Its first robot prototype went through trials at the
University of Innsbruck, in Austria, last spring, and
the firm now has robots at three other sites.
Even though the ScanRobot doesn’t have legs or wheels,
Tratter says it is indeed a robot and not just a
glorified photocopy machine. “This one turns the pages
automatically. In principle, it has no need of an
operator,” he says, although with such delicate projects
as the one in Munich, there will be one. “The robot is
also able to recognize errors and learn not to make them again.”

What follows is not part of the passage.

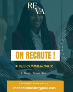 REVA Immobilier, entreprise sénégalaise spécialisée dans la vente et la gestion de biens immobiliers, recrute des commerciaux dans le cadre du renforcement de son équipe.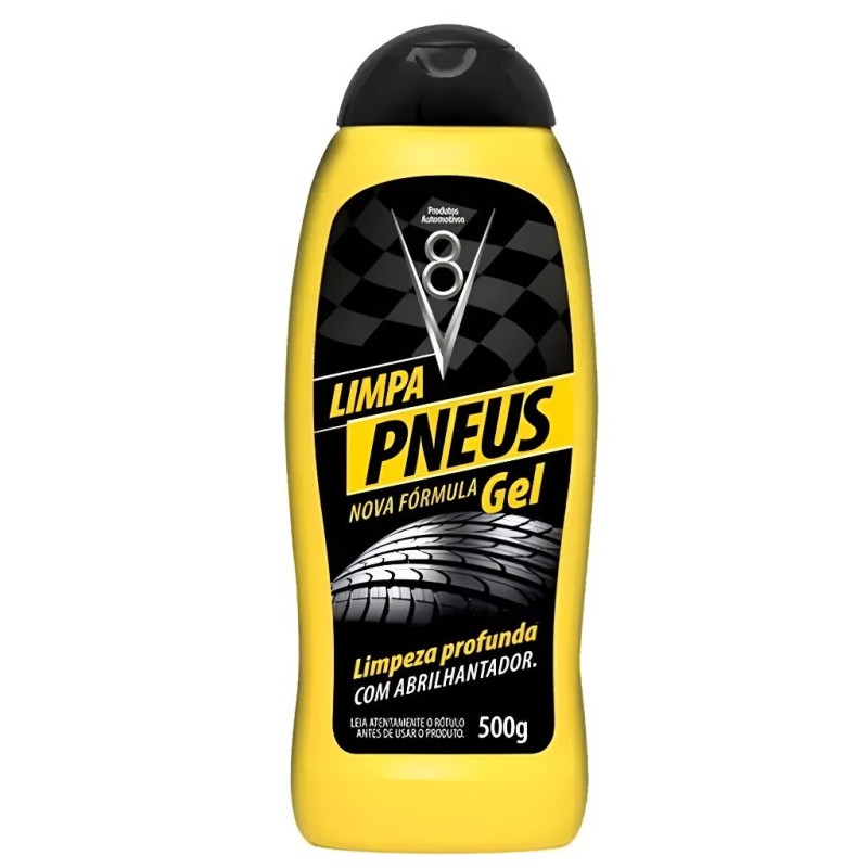 O Limpa Pneus V8 conserva, evita o ressecamento e dá brilho aos pneus e artigos de borracha de seu veículo deixando a superfície com aspecto de nova.

Brantl is glad to hear that. His digitization
department has been working for 10 years and now has 23
000 books online. The ScanRobots will surpass that
figure this year alone. The library ordered the Austrian
book-bots last fall to handle delicate digitization work
like the 16th-century project. The Bavarian State
Library, one of the largest in the German-speaking
world, has already cast its lot with Google in the
sometimes controversial struggles over digitizing and
posting online the vast volume of literature that no
longer is covered by copyright law. When the job is
done, says Brantl, the Bavarian library will have
digital versions of 1 million of its 9 million
possessions, including its 80 000 medieval manuscripts
and 20 000 incunabula (printed books made before 1501).